* Task to carry out:
Without the images, print every line of the material below exactly as given.

* Given material:

╭──

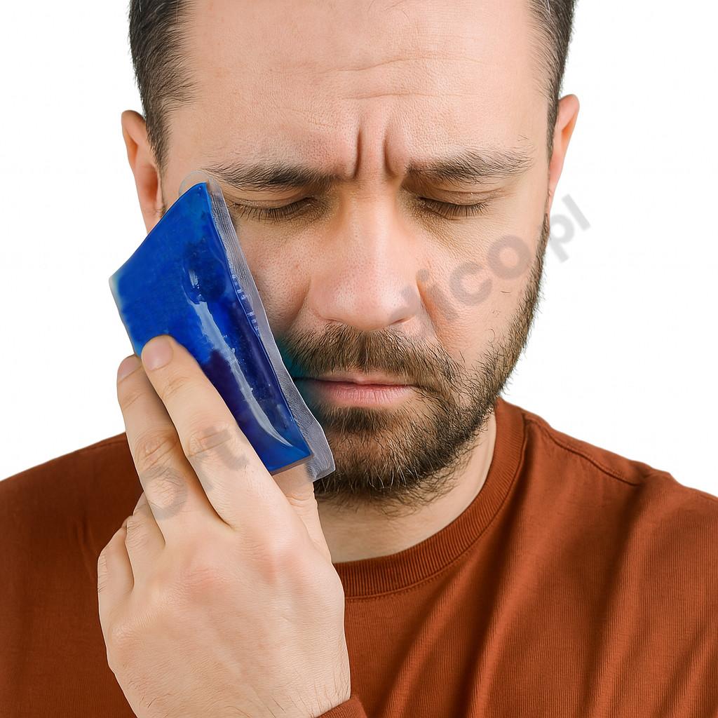 W celu szczegółowych informacji, najlepiej zaczerpnąć porady lekarza. Pamiętaj, stosować zimny kompres owinięty w cienką tkaninę, aby uniknąć bezpośredniego kontaktu ze skórą i zapobiec odmrożeniom.
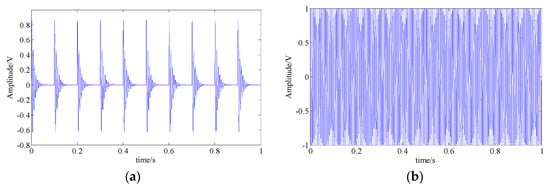 where is the simulated fault feature signal of a bearing’s inner race, as shown in Figure 4, and its detailed parameters are listed in Table 1. and are the interferences of a shock signal and a harmonic signal, respectively. Figure 8a,b shows the waveforms of these two signals and both of their feature frequencies are 150 Hz. represents the strong background white Gaussian noise. The signal sampling frequency and the sampling point are 20,000 and 20,000, respectively.
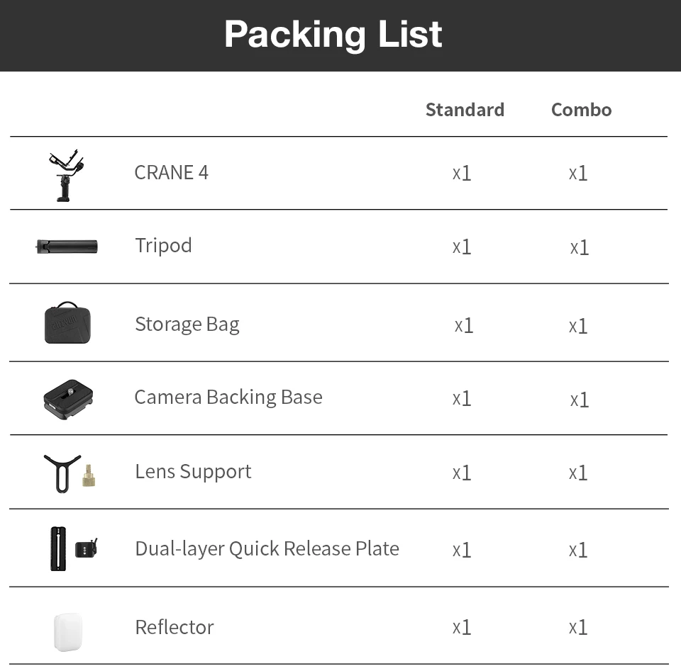 Specifications: Configured for: Smartphones, DSLRs, action photo cameras, mirrorless cameras Titling Angle: 330° Rolling Angle: 290° Panning Angle: 300° Communication: Bluetooth Axis: 3-Axis Features: |Gimbal Or Gimbal|Crane X Rahim| **Unmatched Stability and Versatility** The ZHIYUN Crane 4 Camera Stabilizer is a pinnacle of engineering, designed to provide unparalleled stability for a wide range of cameras. Whether you're a professional photographer or a hobbyist, this 3-axis handheld gimbal is the perfect tool for capturing smooth, steady footage. With a titling angle of 330°, rolling angle of 290°, and panning angle of 300°, the Crane 4 offers an impressive range of motion, allowing you to capture dynamic shots with ease. **Seamless Integration and Control** The ZHIYUN Crane 4 boasts seamless integration with your camera via Bluetooth, ensuring that you can control your shots with precision. The gimbal's lightweight design, combined with its robust construction, makes it an ideal companion for long shoots. The Crane 4's compatibility with a variety of cameras, including DSLRs, mirrorless cameras, and action photo cameras, makes it a versatile tool for any photographer's kit. **Enhanced Shooting Experience** The ZHIYUN Crane 4 is not just a stabilizer; it's an enhanced shooting experience. The gimbal's smooth operation and advanced features, such as the fill light, make it a valuable asset for portrait shooting. The gimbal's design is not only functional but also aesthetically pleasing, ensuring that it complements your camera setup. Whether you're shooting in the studio or on location, the ZHIYUN Crane 4 is the best gimbal for Sony camera, Canon, Nikon, and more, providing the stability and control you need to capture stunning footage.

╰──

* Expected answer:
 W celu szczegółowych informacji, najlepiej zaczerpnąć porady lekarza. Pamiętaj, stosować zimny kompres owinięty w cienką tkaninę, aby uniknąć bezpośredniego kontaktu ze skórą i zapobiec odmrożeniom.
 where is the simulated fault feature signal of a bearing’s inner race, as shown in Figure 4, and its detailed parameters are listed in Table 1. and are the interferences of a shock signal and a harmonic signal, respectively. Figure 8a,b shows the waveforms of these two signals and both of their feature frequencies are 150 Hz. represents the strong background white Gaussian noise. The signal sampling frequency and the sampling point are 20,000 and 20,000, respectively.
 Specifications: Configured for: Smartphones, DSLRs, action photo cameras, mirrorless cameras Titling Angle: 330° Rolling Angle: 290° Panning Angle: 300° Communication: Bluetooth Axis: 3-Axis Features: |Gimbal Or Gimbal|Crane X Rahim| **Unmatched Stability and Versatility** The ZHIYUN Crane 4 Camera Stabilizer is a pinnacle of engineering, designed to provide unparalleled stability for a wide range of cameras. Whether you're a professional photographer or a hobbyist, this 3-axis handheld gimbal is the perfect tool for capturing smooth, steady footage. With a titling angle of 330°, rolling angle of 290°, and panning angle of 300°, the Crane 4 offers an impressive range of motion, allowing you to capture dynamic shots with ease. **Seamless Integration and Control** The ZHIYUN Crane 4 boasts seamless integration with your camera via Bluetooth, ensuring that you can control your shots with precision. The gimbal's lightweight design, combined with its robust construction, makes it an ideal companion for long shoots. The Crane 4's compatibility with a variety of cameras, including DSLRs, mirrorless cameras, and action photo cameras, makes it a versatile tool for any photographer's kit. **Enhanced Shooting Experience** The ZHIYUN Crane 4 is not just a stabilizer; it's an enhanced shooting experience. The gimbal's smooth operation and advanced features, such as the fill light, make it a valuable asset for portrait shooting. The gimbal's design is not only functional but also aesthetically pleasing, ensuring that it complements your camera setup. Whether you're shooting in the studio or on location, the ZHIYUN Crane 4 is the best gimbal for Sony camera, Canon, Nikon, and more, providing the stability and control you need to capture stunning footage.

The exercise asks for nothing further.